誰が何のために作ったのかすら分からぬ遺跡は、その神殿の如き上部を海上に見せながら、今も、広がる海の中にぽつんと佇んでいる。
そこに近付く二艘の小舟と、離れ行く一隻の帆船があった。
「旦那ぁー。また三日後に来やす。お達者でー」
「ありがとう、船長」
小舟から帆船へ手を振り返しているのは、耳が隠れる程度の長さに切り揃えられた若草色の髪を、海風に靡かせる二十半ばの男性であった。
甘く、柔らかな顔をした彼の名はファルコン。
ピュテルの町の冒険者ギルド『鉄骨竜の牙』に属するAランク冒険者である。
小舟の上には、彼の他にも、同じパーティーメンバーが荷物と共に乗っていた。
内、戦士二人が、櫂を用い、船を漕いでいる。
力強い櫂の動きと魔法の力で進む二艘の小舟は、次第に遺跡へと近づき、容易に接岸を果たした。
人工物にも見える石面に、二組の冒険者パーティーが上陸する。
一組は、ファルコンパーティー。
そしてもう一組は、王都の冒険者ギルド『金獅子の爪』に属する、朱色の槍を振るう灼髪のイプシロン率いる、Aランク冒険者パーティーであった。

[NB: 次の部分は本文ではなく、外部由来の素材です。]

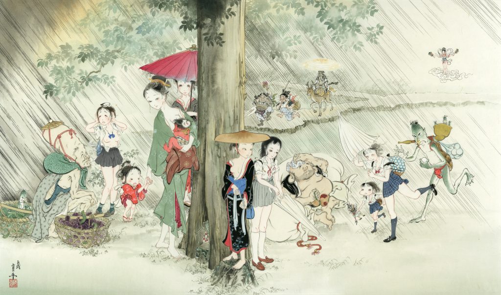 「八百万の少女 にわか雨」202561.5cm×36cm和紙に墨、アクリル、金泥

彼らは小舟につないだ太い縄を、近くの柱に括り付け、遺跡の中へと向かう。
警戒しながら、下り階段へと進む十人。
最後尾を歩くイプシロンが、神経質そうな目でファルコンを見て、尋ねた。
「以前と、何か違いがあるか?」
「いいえ。ありませんね……つい先日訪れた時と、何一つ」
「そうか。何か違和感があれば、何でも言ってくれ。戦いは兎も角、俺達は遺跡調査は不慣れでな」
「その為の我々ファルコンパーティーです。ご安心を」
ファルコンは、そう言いながら、王から受けた命を思い出していた。
ピュテルの町から呼び出されたファルコンパーティーに与えられた命令。
それは、最深部へと向かうイプシロンパーティーの案内と護衛であった。
先日再調査を終えたばかりの遺跡へ、再び潜る理由。
それは、この場に居る十名全員が知っていた。
レオニード王より直接伝えられた、太陽教教皇アポロの予言。
東の遺跡にて復活する双子の悪魔。
双子の悪魔によりもたらされる災い。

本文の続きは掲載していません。